MUMBAI (Bloomberg) - India's central bank lowered interest rates for a third time this year to spur private investment, and said it'd wait to assess monsoon rains before acting again.
Governor Raghuram Rajan cut the benchmark repurchase rate to 7.25 per cent from 7.5 per cent, the Reserve Bank of India said in a statement in Mumbai on Tuesday. The move, which takes the rate to the lowest since September 2013, was predicted by 33 of 41 economists in a Bloomberg News survey. Seven saw no change and one expected a 50 basis-point cut.
While "a conservative strategy would be to wait" for more certainty on how monsoon rains will affect inflation, weak investment means "a more appropriate stance is to front-load a rate cut today and then wait for data that clarify uncertainty," Rajan said. "Meanwhile banks should pass through the sequence of rate cuts into lending rates."
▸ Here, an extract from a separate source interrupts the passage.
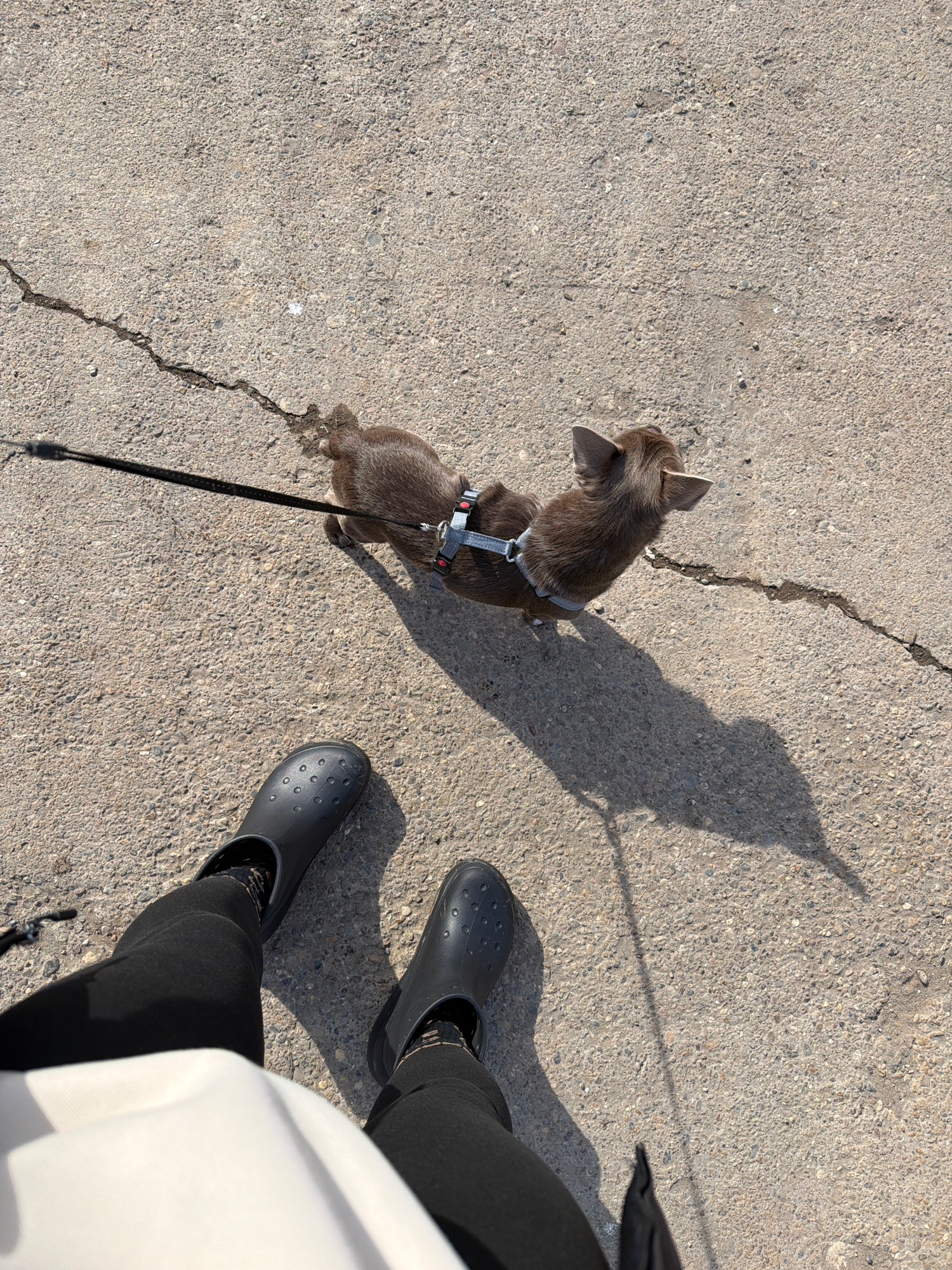A small, gray-brown Chihuahua wearing a gray harness and black leash stands on cracked concrete. The dog is positioned to the left of the frame, facing away from the viewer. To the right, a person's l…read more

The move follows China's cuts and comes just months before an expected increase in U.S. interest rates that risks triggering outflows from emerging markets. Room to ease policy may reduce if oil prices continue rising and monsoon rains are less than normal.
"There's this need to utilize the current window of low inflation and to ease rates to support what is still a weak recovery," Devika Mehndiratta, an economist at ANZ Banking Corp. in Singapore, said by phone before the decision. "Later it might not be timely enough."
Consumer prices rose 4.87 per cent in April from a year earlier, holding below Rajan's 6 per cent target for an eighth straight month. While price pressures have so far proved immune to crop damage from unseasonal rains, the weather department predicts monsoon rainfall - which waters more than half of India's farmland - will be below average this year.
Rajan said three risks are clouding the inflation outlook: the possibility of a weak monsoon, rising oil prices and a volatile external environment. Consumer prices are likely to fall until August and then start rising to about 6 percent by January 2016, Rajan said.
"The risks to the central trajectory are tilted to the upside," he said. He called for strong food policy and management to keep inflation contained in the near term, while saying a rate cut will facilitate public investment that eases supply constraints and reduces inflation over the medium term.
Rajan also said a targeted infusion of bank capital into state-run commercial banks is warranted so that adequate credit flows to productive sectors.
Since food prices account for almost 50 per cent of India's CPI basket, Rajan has little scope to reduce interest rates if they aren't contained. He's also bound by a mandate to lower inflation to around 4 per cent in the next few years.
Swap traders were betting before the decision that India will cut the key rate to 7 per cent by year's end, the steepest decrease after Turkey among 14 emerging markets tracked by HSBC. The rupee has fallen about 1 per cent this year.
It's crucial for Rajan to gauge the strength of India's economy. While gross domestic product expanded 7.5 per cent in the first three months of the year, gross value added - a component of GDP watched closely by the central bank - gained 6.1 per cent versus an estimated 7 per cent.
Rajan cut the central bank's projection for output growth in the year through March 2016 to 7.6 per cent from 7.8 per cent earlier.
The latest government data show exports dropped for a fifth straight month, factory output slowed to a five-month low and bad loans at banks are estimated to rise to the highest since 2001. Domestic vehicle sales rose 1.9 per cent in April compared with a 7 per cent increase a year earlier.
"In the here and now, the Indian economy remains sluggish," Richard Iley, an economist at BNP Paribas SA, wrote in a May 27 report.